In the current investigation, Remy and colleagues report a reduced sensitivity to the sodium channel–blocking effects of phenytoin (PHT) and, to a lesser extent, lamotrigine (LTG) in dissociated hippocampal dentate granule cell neurons, after the induction of chronic seizures in the rat pilocarpine model. The observation of diminished effectiveness of PHT at the cellular level in the chronic epileptic state, together with the complete loss of CBZ activity reported previously (4), may be construed as potentially important contributions to our understanding of the phenomenon of clinical pharmacoresistance. Altered sensitivity of voltage-gated sodium channels, alongside accumulating evidence of other acquired channelopathies (6), lends support to the pharmacodynamic hypothesis underlying resistance to multiple, mechanistically diverse AEDs.
A potentially confounding factor is the authors' submission that although the pharmacologic sensitivity of isolated hippocampal neurons may be reduced, PHT remains effective in preventing chronic convulsive seizures in pilocarpine-treated rats.
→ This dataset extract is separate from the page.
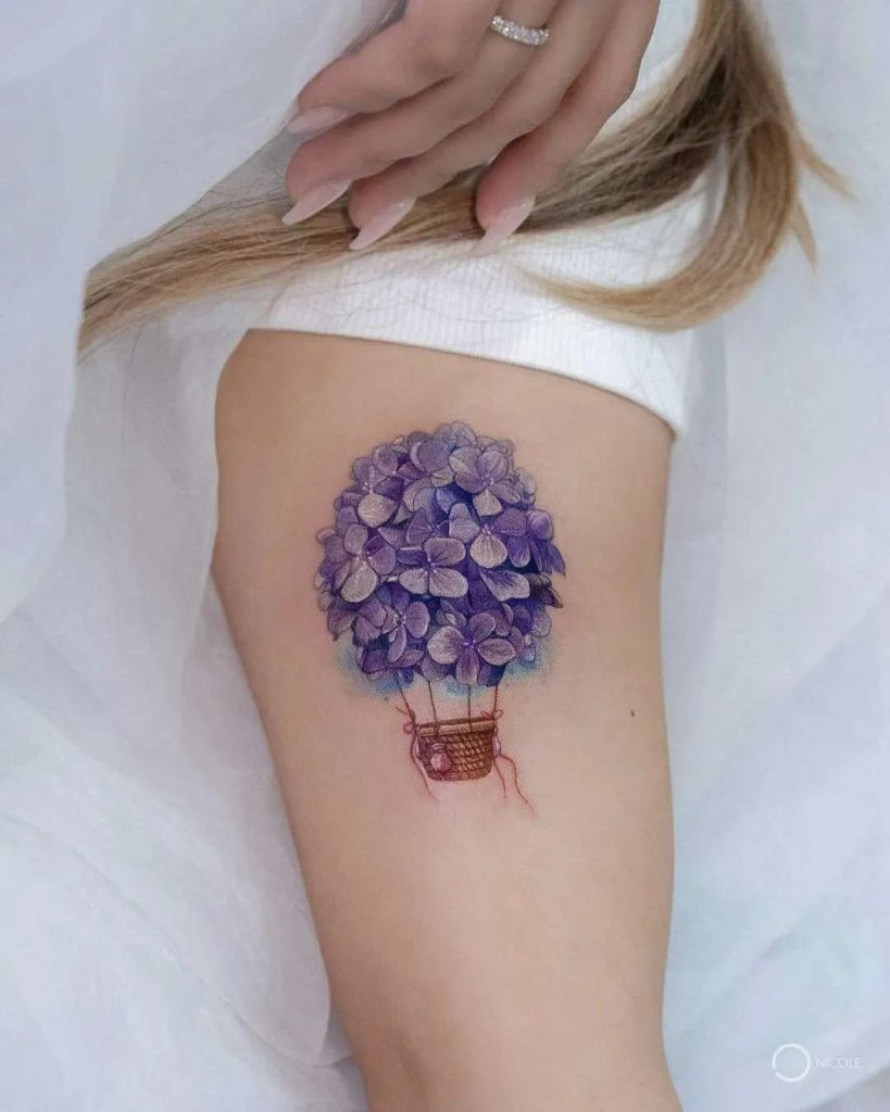 This one is pure whimsy: a hydrangea bloom transformed into a hot air balloon, floating softly in dreamy purple and lavender tones. The basket and little strings make it feel like a miniature fairytale scene, but the execution stays refined enough that it doesn’t read childish. It’s a tiny tattoo with a big personality, perfect if you love the idea of your own private escape route inked right onto your skin.

Their explanation of a locally diminished PHT efficacy, restricted to the dentate granule cells themselves, is plausible and not entirely inconsistent with the traditionally held premise that sodium channel–blocking drugs primarily act to restrict seizure spread rather than to prevent the generation of ictal discharges. Nevertheless, in attempting to unravel the mechanisms of drug resistance in epilepsy, it is important to remember that currently available models may not adequately represent the clinical condition and that focusing on a single system, such as drug transporters in the blood–brain barrier or a subset of neurons in the hippocampus, may not be sufficient to define the pharmacoresistant phenotype.
Another interesting aspect to the investigation by Remy and co-workers is the apparently differential influence of pilocarpine-induced chronic seizures on drug action at the cellular level. Of the agents under investigation, all of which are reported to exert their pharmacologic effects, at least in part, by an action on neuronal voltage-gated sodium channels (7), only PHT efficacy is significantly impaired. The observed reduction in the modest tonic blocking effects of LTG on resting sodium currents is unlikely to influence its clinical efficacy significantly, whereas the action of sodium valproate (VPA) appears largely unaltered. These findings support the distinction of individual sodium channel blockers at the molecular level (8) and, in theory, say more about the pharmacology of LTG and VPA than about potential mechanisms of pharmacoresistance.
Elucidating the mechanisms of drug resistance has the potential to revolutionize the treatment of epilepsy and, with the development of appropriate interventions, alleviate the deleterious consequences of uncontrolled seizures. These are the first steps in what is likely to prove to be a protracted journey with many blind alleys and false dawns before the undoubtedly multifactorial nature of AED responsiveness is revealed.